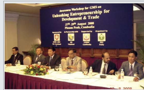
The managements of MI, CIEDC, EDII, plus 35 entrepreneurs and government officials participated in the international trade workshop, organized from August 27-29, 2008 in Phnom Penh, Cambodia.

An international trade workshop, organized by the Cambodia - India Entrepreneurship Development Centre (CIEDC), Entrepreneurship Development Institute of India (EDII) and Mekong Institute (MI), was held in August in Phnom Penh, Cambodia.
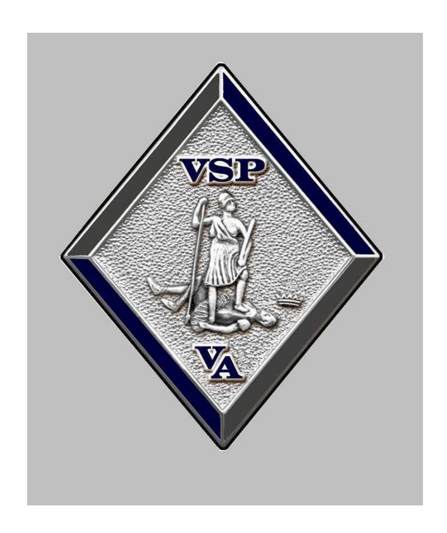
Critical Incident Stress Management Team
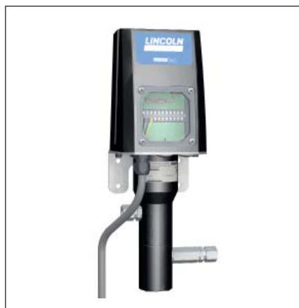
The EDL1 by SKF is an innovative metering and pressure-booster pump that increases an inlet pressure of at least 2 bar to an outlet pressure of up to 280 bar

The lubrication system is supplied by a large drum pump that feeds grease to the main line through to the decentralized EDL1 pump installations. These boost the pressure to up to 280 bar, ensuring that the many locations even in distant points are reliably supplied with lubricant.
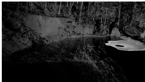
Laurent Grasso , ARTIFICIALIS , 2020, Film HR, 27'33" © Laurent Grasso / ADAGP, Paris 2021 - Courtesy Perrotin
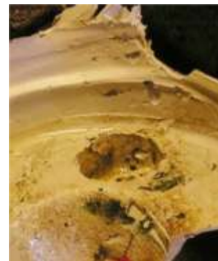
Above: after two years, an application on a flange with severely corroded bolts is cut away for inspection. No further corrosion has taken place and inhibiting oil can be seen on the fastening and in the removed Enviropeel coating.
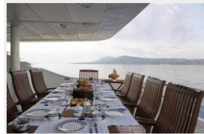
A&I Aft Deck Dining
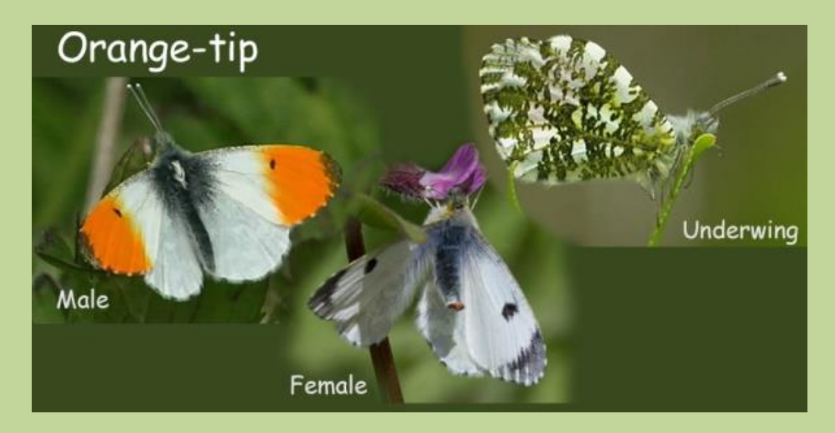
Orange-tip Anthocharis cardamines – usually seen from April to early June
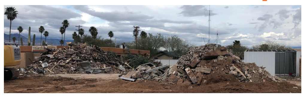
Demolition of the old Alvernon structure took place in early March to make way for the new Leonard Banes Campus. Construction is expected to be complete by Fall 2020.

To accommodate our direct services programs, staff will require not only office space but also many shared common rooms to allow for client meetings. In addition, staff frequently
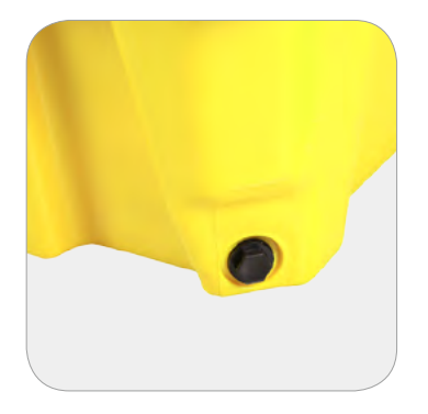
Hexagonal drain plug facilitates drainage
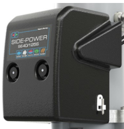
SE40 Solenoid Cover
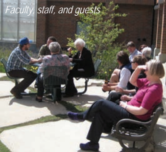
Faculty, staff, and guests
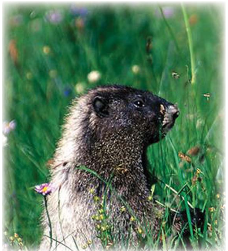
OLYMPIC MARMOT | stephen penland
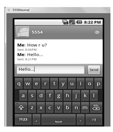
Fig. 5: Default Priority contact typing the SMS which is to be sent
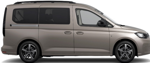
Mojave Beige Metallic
++++++++
__TASK DESCRIPTION__
For each line of the data that includes the word "place", return a copy of it.

__PROBLEM SOLUTION__
Above: after two years, an application on a flange with severely corroded bolts is cut away for inspection. No further corrosion has taken place and inhibiting oil can be seen on the fastening and in the removed Enviropeel coating.
Demolition of the old Alvernon structure took place in early March to make way for the new Leonard Banes Campus. Construction is expected to be complete by Fall 2020.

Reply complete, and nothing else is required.